Required action — Where the line containing "Many hands make" appears below, begin there and reproduce each line exactly through the last one, omitting pictures.

Dataset extract —

----------------------------------------

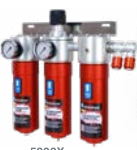
5300X Ref. 10730305

COUPLINGS For disposable deposits. "PPS" types
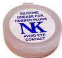
#0241 Silicone Grease for rubber plugs
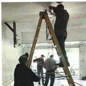
Many hands make light work! There is no shortage of willing volunteers when work around the building and the preacher's house is needed. "Behold, how good and how pleasant it is for brothers to dwell together in unity!" Psalm 133:1
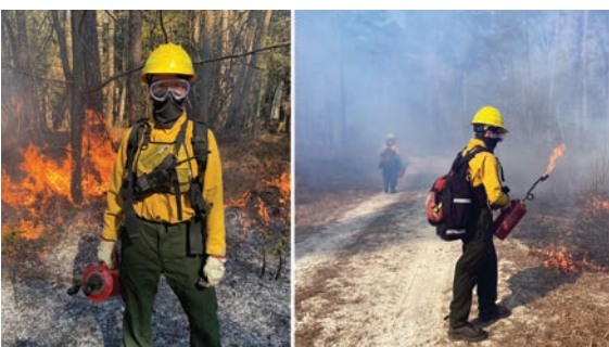
Chesapeake Conservation Corps members with the Nature Conservancy implement a prescribed burn program at Nassawango Creek Preserve, studying effects on carbon sequestration and soil fertility

Blue Sky Fund, $20,000 to shift the Explorers program, which serves Richmond's lowest income neighborhoods, to a virtual format due to COVID
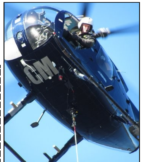
Zane transporting gear to Table Hill.
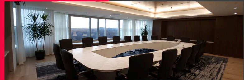
One O'Hare, 9th Floor, Reyes Group
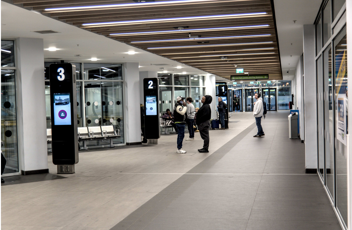
F47B0624 - We're at the bus station.

----------------------------------------

The completed task —
Many hands make light work! There is no shortage of willing volunteers when work around the building and the preacher's house is needed. "Behold, how good and how pleasant it is for brothers to dwell together in unity!" Psalm 133:1
Chesapeake Conservation Corps members with the Nature Conservancy implement a prescribed burn program at Nassawango Creek Preserve, studying effects on carbon sequestration and soil fertility

Blue Sky Fund, $20,000 to shift the Explorers program, which serves Richmond's lowest income neighborhoods, to a virtual format due to COVID
Zane transporting gear to Table Hill.
One O'Hare, 9th Floor, Reyes Group
F47B0624 - We're at the bus station.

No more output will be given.